When we bury Christians we commit their bodies to the ground, dust to dust, ashes to ashes, in the sure and certain hope of the resurrection to immortal life through Jesus Christ our Lord. When we are raised and appear before God and see him, Jesus Christ, our Kinsman-Redeemer, will say of us, “These are my brothers and sisters, and I am not ashamed of them.”

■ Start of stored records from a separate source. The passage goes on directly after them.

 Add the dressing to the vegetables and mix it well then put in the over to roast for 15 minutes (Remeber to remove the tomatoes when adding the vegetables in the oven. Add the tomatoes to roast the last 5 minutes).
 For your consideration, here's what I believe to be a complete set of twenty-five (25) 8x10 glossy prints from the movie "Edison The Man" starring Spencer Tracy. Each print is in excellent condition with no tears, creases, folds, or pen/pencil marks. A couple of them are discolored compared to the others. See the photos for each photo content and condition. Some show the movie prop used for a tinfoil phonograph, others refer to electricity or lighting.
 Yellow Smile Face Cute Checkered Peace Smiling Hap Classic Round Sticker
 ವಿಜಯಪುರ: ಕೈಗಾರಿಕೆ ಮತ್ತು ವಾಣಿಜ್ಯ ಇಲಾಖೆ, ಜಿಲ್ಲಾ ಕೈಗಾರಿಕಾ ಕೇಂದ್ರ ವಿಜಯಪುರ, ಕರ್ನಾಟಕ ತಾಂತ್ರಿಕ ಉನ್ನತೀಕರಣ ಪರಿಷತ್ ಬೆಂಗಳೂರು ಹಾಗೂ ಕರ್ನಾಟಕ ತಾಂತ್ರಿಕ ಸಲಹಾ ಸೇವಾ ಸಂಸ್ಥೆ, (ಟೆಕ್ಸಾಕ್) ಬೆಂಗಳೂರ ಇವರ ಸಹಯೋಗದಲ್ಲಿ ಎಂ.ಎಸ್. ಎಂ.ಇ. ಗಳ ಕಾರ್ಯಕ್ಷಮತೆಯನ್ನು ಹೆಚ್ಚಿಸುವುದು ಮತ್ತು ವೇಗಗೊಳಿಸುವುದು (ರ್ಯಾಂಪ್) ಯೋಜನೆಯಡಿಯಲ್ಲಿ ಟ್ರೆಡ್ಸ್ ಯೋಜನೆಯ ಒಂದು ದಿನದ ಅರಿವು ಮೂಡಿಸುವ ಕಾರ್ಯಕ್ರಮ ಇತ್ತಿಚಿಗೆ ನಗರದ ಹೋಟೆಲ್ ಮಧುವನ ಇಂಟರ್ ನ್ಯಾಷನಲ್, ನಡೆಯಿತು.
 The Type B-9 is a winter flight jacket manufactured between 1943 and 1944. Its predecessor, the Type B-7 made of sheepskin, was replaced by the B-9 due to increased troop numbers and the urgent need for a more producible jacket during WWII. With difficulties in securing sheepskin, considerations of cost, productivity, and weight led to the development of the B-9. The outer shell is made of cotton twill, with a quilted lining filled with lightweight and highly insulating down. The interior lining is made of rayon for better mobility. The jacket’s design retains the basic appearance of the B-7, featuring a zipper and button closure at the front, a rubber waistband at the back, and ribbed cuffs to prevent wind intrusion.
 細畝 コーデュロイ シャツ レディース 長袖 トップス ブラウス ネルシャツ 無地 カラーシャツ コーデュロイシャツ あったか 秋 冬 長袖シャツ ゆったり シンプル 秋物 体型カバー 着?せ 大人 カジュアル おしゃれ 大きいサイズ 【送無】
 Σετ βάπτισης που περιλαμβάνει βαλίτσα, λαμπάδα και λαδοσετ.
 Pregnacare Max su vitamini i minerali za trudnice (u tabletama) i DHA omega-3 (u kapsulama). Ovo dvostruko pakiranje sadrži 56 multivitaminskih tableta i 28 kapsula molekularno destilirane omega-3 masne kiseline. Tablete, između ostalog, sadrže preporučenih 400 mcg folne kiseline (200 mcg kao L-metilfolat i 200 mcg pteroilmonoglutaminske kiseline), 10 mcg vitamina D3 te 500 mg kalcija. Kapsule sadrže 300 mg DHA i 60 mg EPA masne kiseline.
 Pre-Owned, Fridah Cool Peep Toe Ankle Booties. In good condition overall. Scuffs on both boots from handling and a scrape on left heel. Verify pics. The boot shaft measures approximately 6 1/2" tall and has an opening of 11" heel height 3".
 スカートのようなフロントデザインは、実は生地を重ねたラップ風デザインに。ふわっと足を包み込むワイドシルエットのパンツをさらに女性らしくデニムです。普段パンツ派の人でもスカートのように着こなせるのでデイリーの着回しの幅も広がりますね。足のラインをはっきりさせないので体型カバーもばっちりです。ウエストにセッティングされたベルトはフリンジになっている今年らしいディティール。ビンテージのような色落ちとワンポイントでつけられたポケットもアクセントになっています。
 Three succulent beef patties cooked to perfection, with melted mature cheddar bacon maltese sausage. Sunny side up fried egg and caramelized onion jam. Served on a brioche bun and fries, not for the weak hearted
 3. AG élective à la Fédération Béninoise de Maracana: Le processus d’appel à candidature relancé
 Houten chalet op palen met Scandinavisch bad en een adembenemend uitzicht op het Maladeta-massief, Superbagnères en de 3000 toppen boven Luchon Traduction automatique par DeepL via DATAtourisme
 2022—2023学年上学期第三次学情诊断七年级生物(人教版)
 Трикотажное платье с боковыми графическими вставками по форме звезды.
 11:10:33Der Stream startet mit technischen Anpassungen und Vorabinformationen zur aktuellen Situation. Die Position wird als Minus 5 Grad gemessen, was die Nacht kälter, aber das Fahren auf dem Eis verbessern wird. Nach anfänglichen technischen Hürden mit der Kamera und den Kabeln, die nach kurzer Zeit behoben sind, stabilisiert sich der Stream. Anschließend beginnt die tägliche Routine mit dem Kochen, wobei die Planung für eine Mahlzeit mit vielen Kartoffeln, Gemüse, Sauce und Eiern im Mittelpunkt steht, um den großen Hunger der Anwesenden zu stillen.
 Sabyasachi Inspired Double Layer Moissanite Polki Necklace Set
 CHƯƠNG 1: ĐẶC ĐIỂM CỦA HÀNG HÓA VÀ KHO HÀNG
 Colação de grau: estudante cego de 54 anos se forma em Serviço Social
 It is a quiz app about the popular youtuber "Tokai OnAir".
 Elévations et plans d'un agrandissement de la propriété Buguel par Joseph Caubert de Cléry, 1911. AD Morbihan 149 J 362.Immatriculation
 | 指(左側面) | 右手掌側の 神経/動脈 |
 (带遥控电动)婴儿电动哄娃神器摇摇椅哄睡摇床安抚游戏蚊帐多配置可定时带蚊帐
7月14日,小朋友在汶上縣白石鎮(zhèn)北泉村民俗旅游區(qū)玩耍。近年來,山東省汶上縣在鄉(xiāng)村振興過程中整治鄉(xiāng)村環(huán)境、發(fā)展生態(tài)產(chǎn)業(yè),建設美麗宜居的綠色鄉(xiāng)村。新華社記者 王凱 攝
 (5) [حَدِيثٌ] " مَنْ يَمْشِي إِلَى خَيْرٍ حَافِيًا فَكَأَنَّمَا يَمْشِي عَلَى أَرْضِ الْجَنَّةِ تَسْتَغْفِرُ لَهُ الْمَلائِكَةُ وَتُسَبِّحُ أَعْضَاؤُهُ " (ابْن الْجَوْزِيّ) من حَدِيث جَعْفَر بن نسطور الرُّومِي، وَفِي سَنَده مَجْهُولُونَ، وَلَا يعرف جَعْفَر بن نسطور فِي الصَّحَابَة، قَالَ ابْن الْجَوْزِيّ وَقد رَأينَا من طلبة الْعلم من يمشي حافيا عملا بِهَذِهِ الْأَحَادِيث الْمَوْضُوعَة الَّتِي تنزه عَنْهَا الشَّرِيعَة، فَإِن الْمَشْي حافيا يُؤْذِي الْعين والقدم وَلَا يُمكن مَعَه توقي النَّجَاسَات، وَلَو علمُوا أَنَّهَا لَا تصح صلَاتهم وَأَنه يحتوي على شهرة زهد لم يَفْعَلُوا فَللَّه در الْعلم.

  • But there’s a problem. Perhaps you are thinking what I am: “I am not like Job, blameless and upright. I have suffered, and sometimes for things I didn’t do, but I have never been in Job’s position - a righteous sufferer whose integrity will be vindicated by God.” But here, too, we see clearly, what Job saw only dimly. When we are raised and appear before God for judgment, we will be vindicated before the world and found righteous in God’s sight, not because we have lived sinlessly, but only because our sins are covered by the blood Jesus and God looks on us through the righteousness of Jesus. Jesus is the only One who is the perfectly Righteous Sufferer. But on the cross, he took to himself the sins we have committed and redeemed the good names we have sullied and the reputations we have destroyed. In him all our sins are buried in the depths of the sea and our names and reputations are the name and reputation of Jesus.


One of the reasons we come to this Table on Sundays is because we need to be assured and God wants to to assured “that by the merits and death of (God’s) Son Jesus Christ and through faith in his blood, we...may obtain remission of our sins, and all other benefits of his passion.”